Brick Complexity Extractor is a LoRA adapter fine-tuned on Qwen3.5-0.8B that classifies user queries into three complexity tiers: easy, medium, and hard. It is a core signal in the Brick Semantic Router, Regolo.ai's open-source multi-model routing system.

The adapter adds only ~2M trainable parameters on top of the 0.8B base model, making it fast enough to run as a pre-inference classification step with negligible latency overhead (<15ms on a single GPU).

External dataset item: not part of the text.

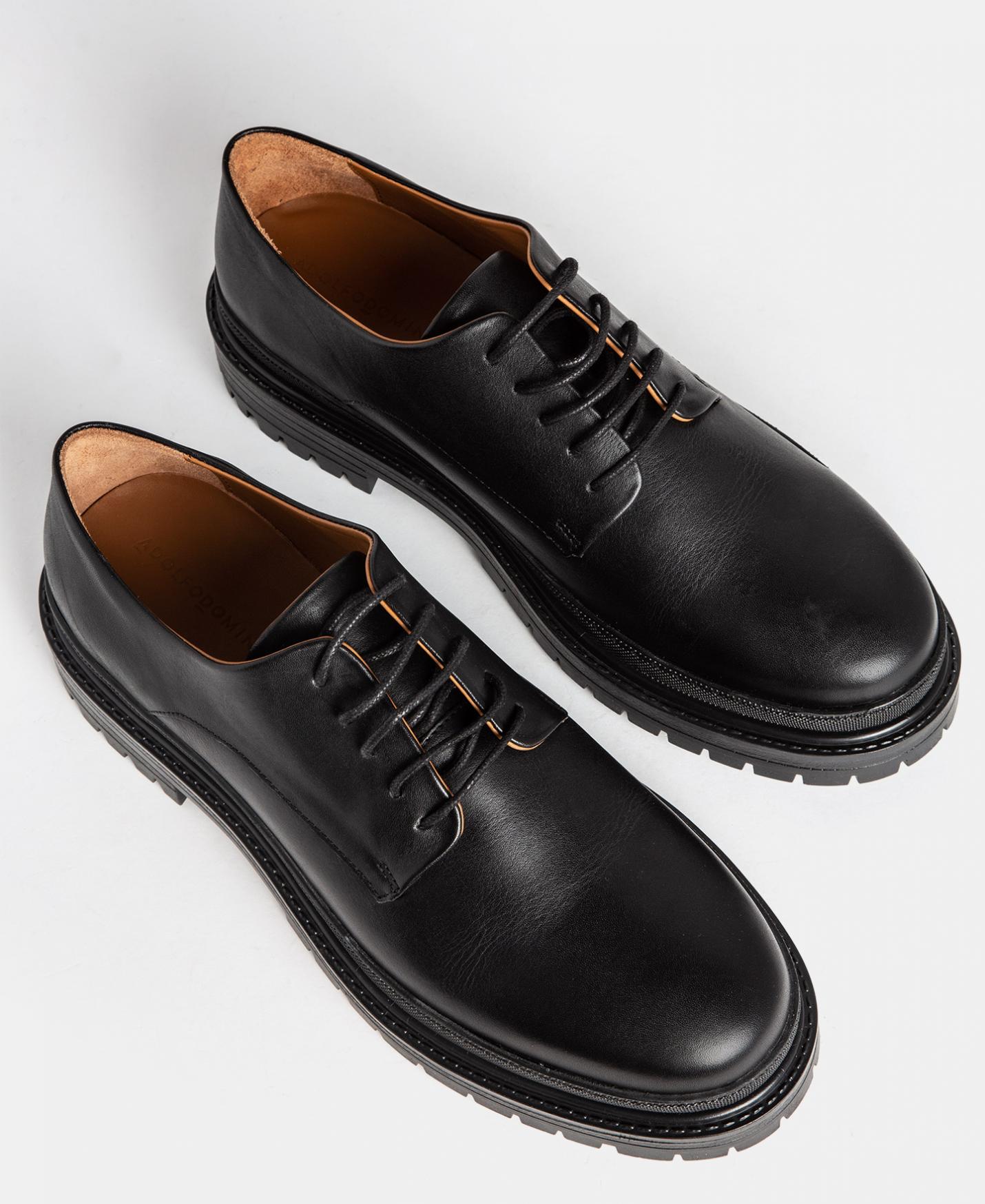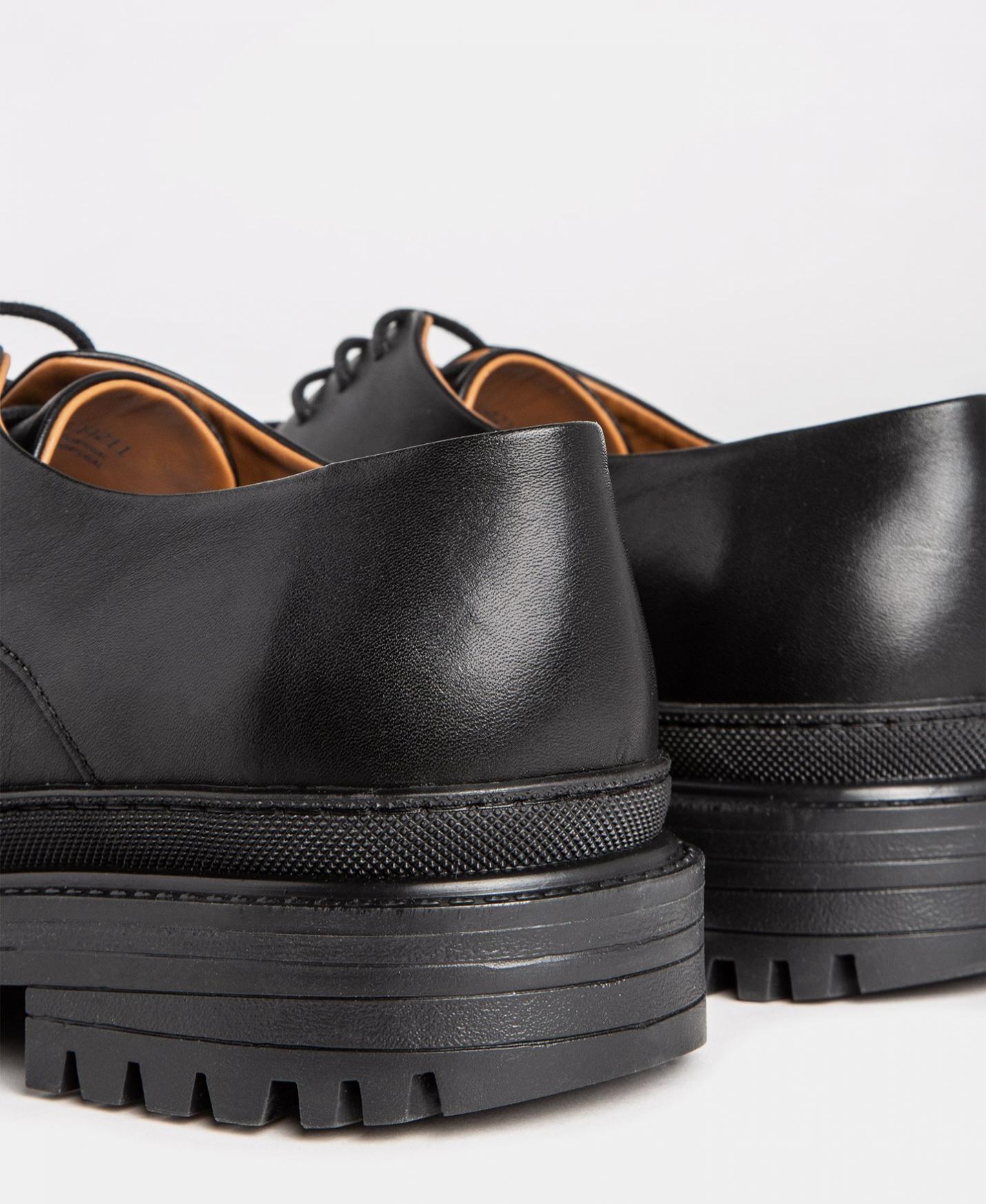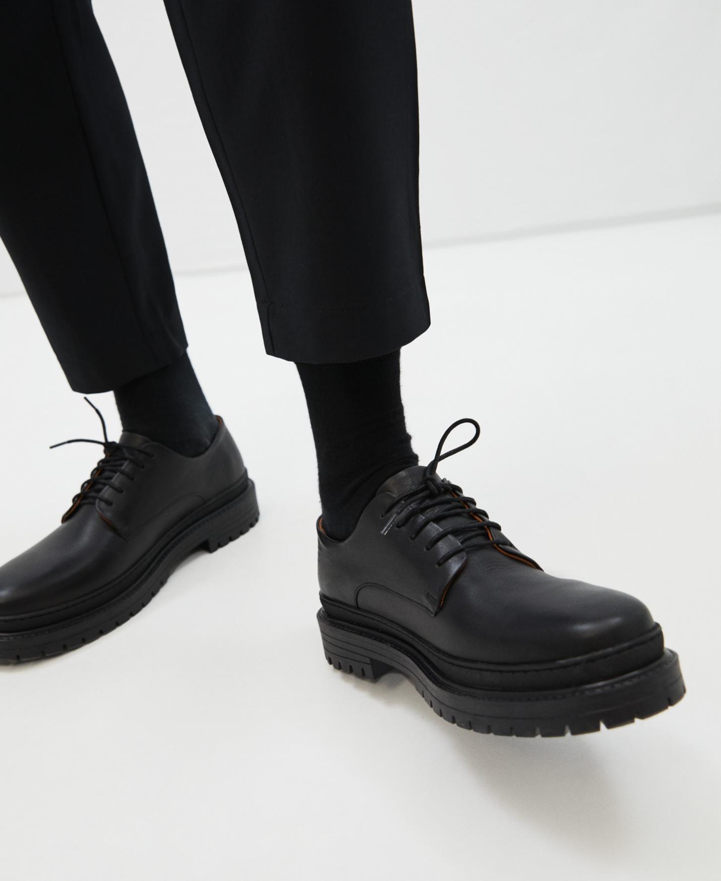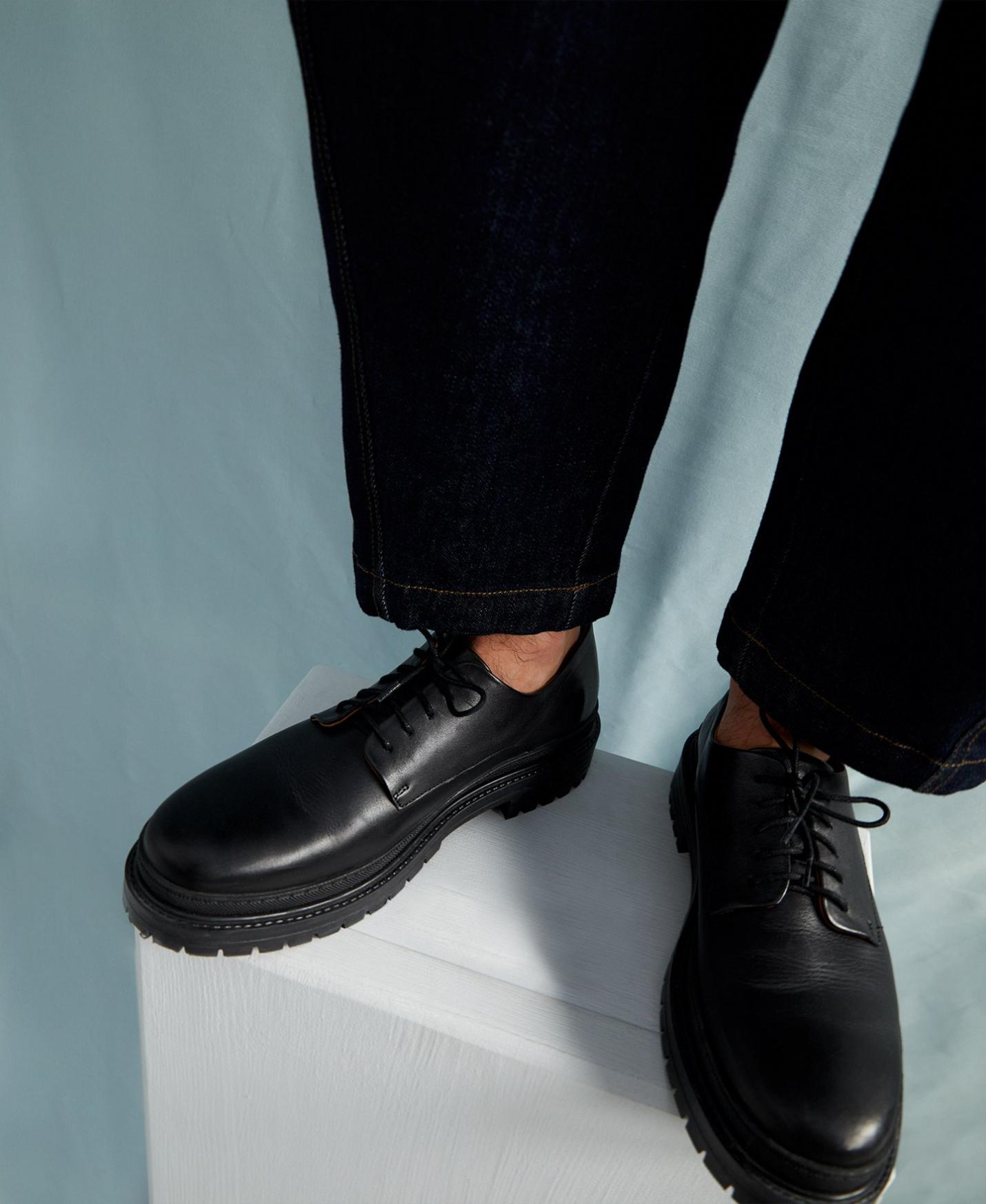 Zapato Derby en piel con empeine alto. Cierre de cordones y suela track.

The Problem: Why LLM Routing Needs Complexity Classification

Not all prompts are equal. A factual recall question ("What is the capital of France?") and a multi-step reasoning task ("Derive the optimal portfolio allocation given these constraints…") require fundamentally different compute budgets. Sending every query to a frontier reasoning model wastes resources; sending hard queries to a lightweight model degrades quality.

Brick solves this by routing each query to the right model tier in real time. Complexity classification is one of several routing signals (alongside keyword matching, domain detection, and reasoning-depth estimation) that Brick uses to make sub-50ms routing decisions.

Model Details

Property	Value
Model type	LoRA adapter (PEFT)
Base model	Qwen/Qwen3.5-0.8B
Trainable parameters	~2M (LoRA rank 16, alpha 32)
Total parameters	~875M (base + adapter)
Output classes	3 (`easy`, `medium`, `hard`)
Language	English
License	CC BY-NC 4.0
Developed by	Regolo.ai (Seeweb S.r.l.)
Release date	April 2026

Architecture

The adapter applies LoRA to the query and value projection matrices (q_proj, v_proj) across all attention layers of Qwen3.5-0.8B, with a classification head on top of the last hidden state.

Qwen3.5-0.8B (frozen)
    └── Attention Layers × 24
         ├── q_proj ← LoRA(r=16, α=32)
         └── v_proj ← LoRA(r=16, α=32)
    └── Last Hidden State
         └── Classification Head (3 classes)

Label Definitions

Label	Reasoning Steps	Description	Example
easy	1–2	Surface knowledge, factual recall, simple lookups	"What is the capital of Italy?"
medium	3–5	Domain familiarity, multi-step reasoning, comparison	"Compare REST and GraphQL for a mobile app backend"
hard	6+	Deep expertise, multi-constraint optimization, creative synthesis	"Design a distributed cache eviction policy that minimizes tail latency under bursty traffic"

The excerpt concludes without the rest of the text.